Anyway, the tagline for this ad is something like "you can't understand men," and I suppose that if men were anything like the fat wax mannequins in Dad Clothes in this commercial, it would make perfect sense.  What is really confusing is the "100% happy" line which follows.  Do you see anyone being even 1% happy here?

Saturday, May 26, 2012

Hey Dodge: Your Hypocrisy is Showing!



Dodge has produced and televised approximately 1200 commercials for its "Caravan" minivan model in the past three years.

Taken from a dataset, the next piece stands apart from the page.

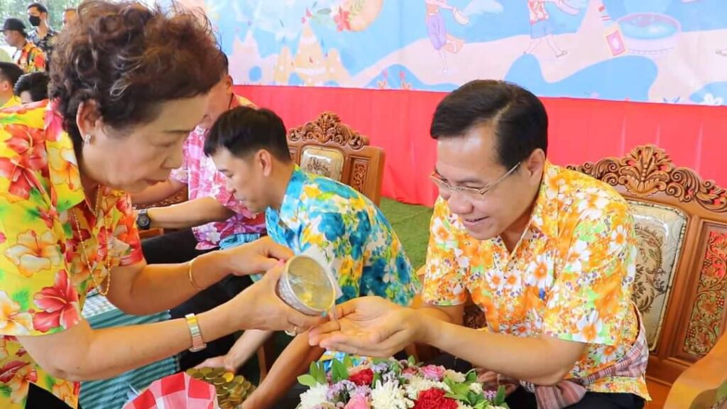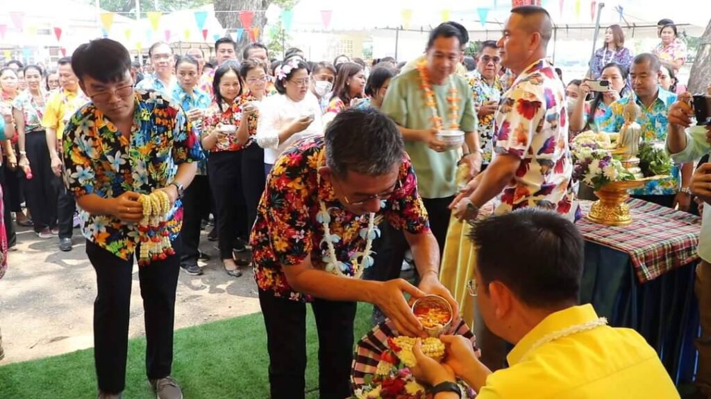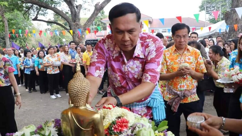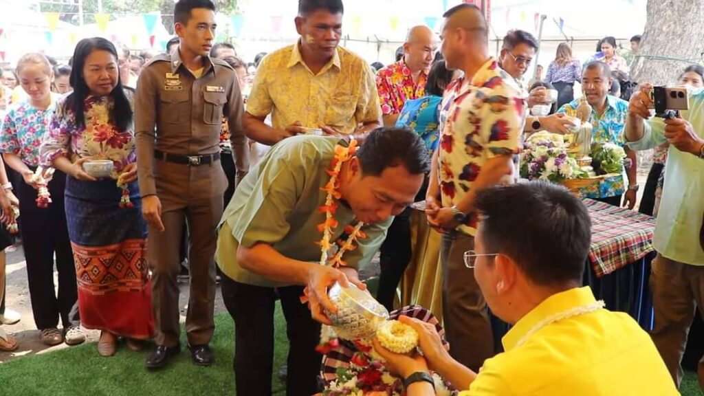วันที่ 11 เมษายน 2567 เวลา 13.00 น.นายสุเมธ ธีรนิติ ผู้ว่าราชการจังหวัดสิงห์บุรี พร้อมนางวาสนา ธีรนิติ นายกเหล่ากาชาดจังหวัดสิงห์บุรี เป็นประธานในพิธี”รดน้ำขอพร เนื่องในเทศกาลสงกรานต์ จังหวัดสิงห์บุรี”ณ ลานอเนกประสงค์สำนักงานเหล่ากาชาดจังหวัดสิงห์บุรี โดยมีนายวราดิศร อ่อนนุช พร้อมนายปรีชา ดิลกพรเมธี รองผู้ว่าราชการจังหวัดสิงห์บุรี หัวหน้าส่วนราชการ นายอำเภอ ข้าราชการและเจ้าหน้าที่ รดน้ำขอพร ผู้ว่าราชการจังหวัดสิงห์บุรี นายกเหล่ากาชาดจังหวัดสิงห์บุรี และรองผู้ว่าราชการจังหวัดสิงห์บุรี เนื่องในโอกาสเทศกาลสงกรานต์และวันขึ้นปีใหม่ไทย เพื่อความเป็นสิริมงคล อนุรักษ์ประเพณีดีงามของไทย

1199 of those commercials have been disgustingly sugar-laden homages to breeding- the joys of having lots and lots of kids so you can justify spending forty grand or so on a freaking bus, complete with fold-out table, DVD and a sound system better than the one you've got in your actual house.  1199 commercials featuring grinning young idiots who seem thrilled to death that they've managed to produce smaller versions of themselves and are now in the process of sacrificing every waking moment to the needs of the noisy little terrors- needs which include vehicles which can seat all of them and, in the future, several of their equally messy and attention-sucking little friends.   1199 commercials devoted to convincing the viewing public that being a Normal American means popping out spawn and strapping them into a Suburban Blandmobile and taking them...well, wherever these people are always taking them.

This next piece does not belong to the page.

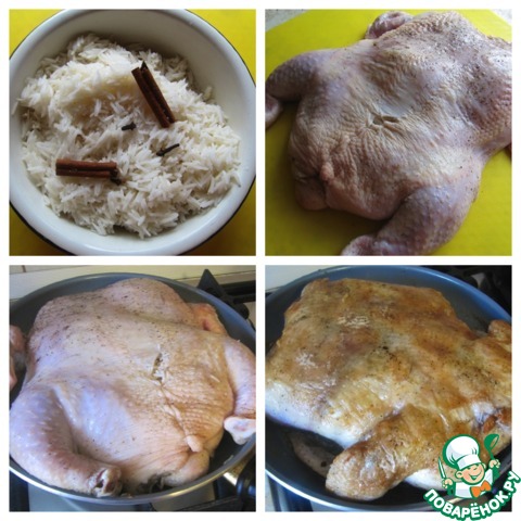 Тушку курицы посолить, поперчить. Для начинки я использовала рис пропаренный ароматный «Басмати Gold». Его нужно посолить, добавить несколько гвоздичек и палочку корицы, перемешать, начинить курицу (брюшко, окорочка, грудину), зашить, чтобы в процессе обжаривания рис не высыпался. На хорошо разогретой с растительным маслом сковородке обжарить курицу с двух сторон до румяной корочки. Переворачивать аккуратно, чтобы не повредить целостность тушки.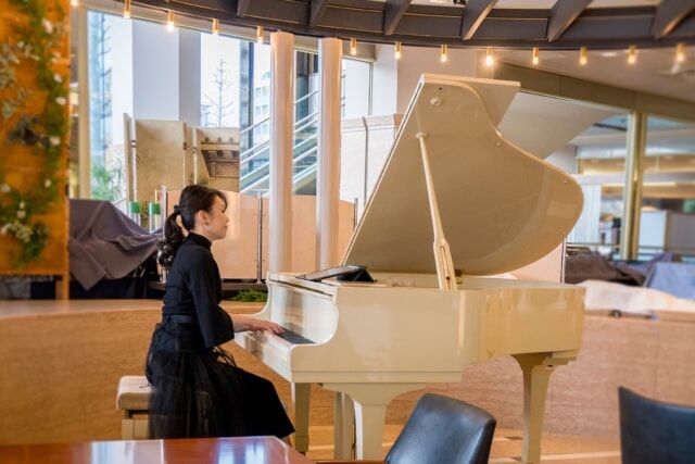 ▲毎週金曜日は午後にピアノの生演奏が行われます。

1199 commercials telling us that the pinnacle of life is reached when you Settle- when one of you puts on a chunk of rock and changes her name, and the other sticks his pretty little trophy into a house with a fence and a yard and one of these things taking up most of the driveway. 

1199 commercials practically begging us to be Real Americans and get married, have kids, live in the suburbs and drive around in something that takes up two spaces and always seems to be featuring Finding Nemo on the screen in the back.

And one commercial which suggests, obliquely, that nawwwww you are actually better off not having kids, because they are noisy attention-vampires and all the other things I just bitterly ranted about for three paragraphs.    Hey Dodge, who do you think you're kidding?  Without people willing to produce children, you're out of business.  And did you really think we were going to forget about those other 1199 commercials?




Thursday, May 24, 2012

Kit Kat: So little content, so much Hate



The ad agency hired to peddle Kit Kats doesn't think that words are necessary to describe the product.  And I find myself at a loss for words to describe how much I loathe these disgusting dollops of minimalism.

I think I'll just have to be satisfied with explaining how very, very much I'd like to see the people responsible for this noisy pile of Stupid coated with low-grade milk chocolate and buried up to their necks next to a nest of fire ants.   It's not so much that I hate the exaggerated ripping and snapping and crunching, not to mention the repulsive "MMMM" sounds.  What really bugs the hell out of me is that you just KNOW the people who "wrote" this swill think that they are Awesomely Clever and Immensely Proud of the final "product."

How do you know this?  Well, maybe it's because this is somewhere around the 40th version of the same commercial.  The only thing that changes is the setting and the faces of the people involved in this crime against the viewing public.

Oh, and I'd also like to ad that as Incredibly, Massively, Bag of Rocks Dumb this all is, it would at least be bearable if it wasn't showing up on my television during Every. Single. Commercial Break.  But it is.  Which means that the background noise I have on while I'm typing away at exams and papers in my den is forever being interrupted with Rip, Snap, Crunch and MMM MMM MMM.  As it is, I once again find myself really, really wanting to hurt someone.  Loudly.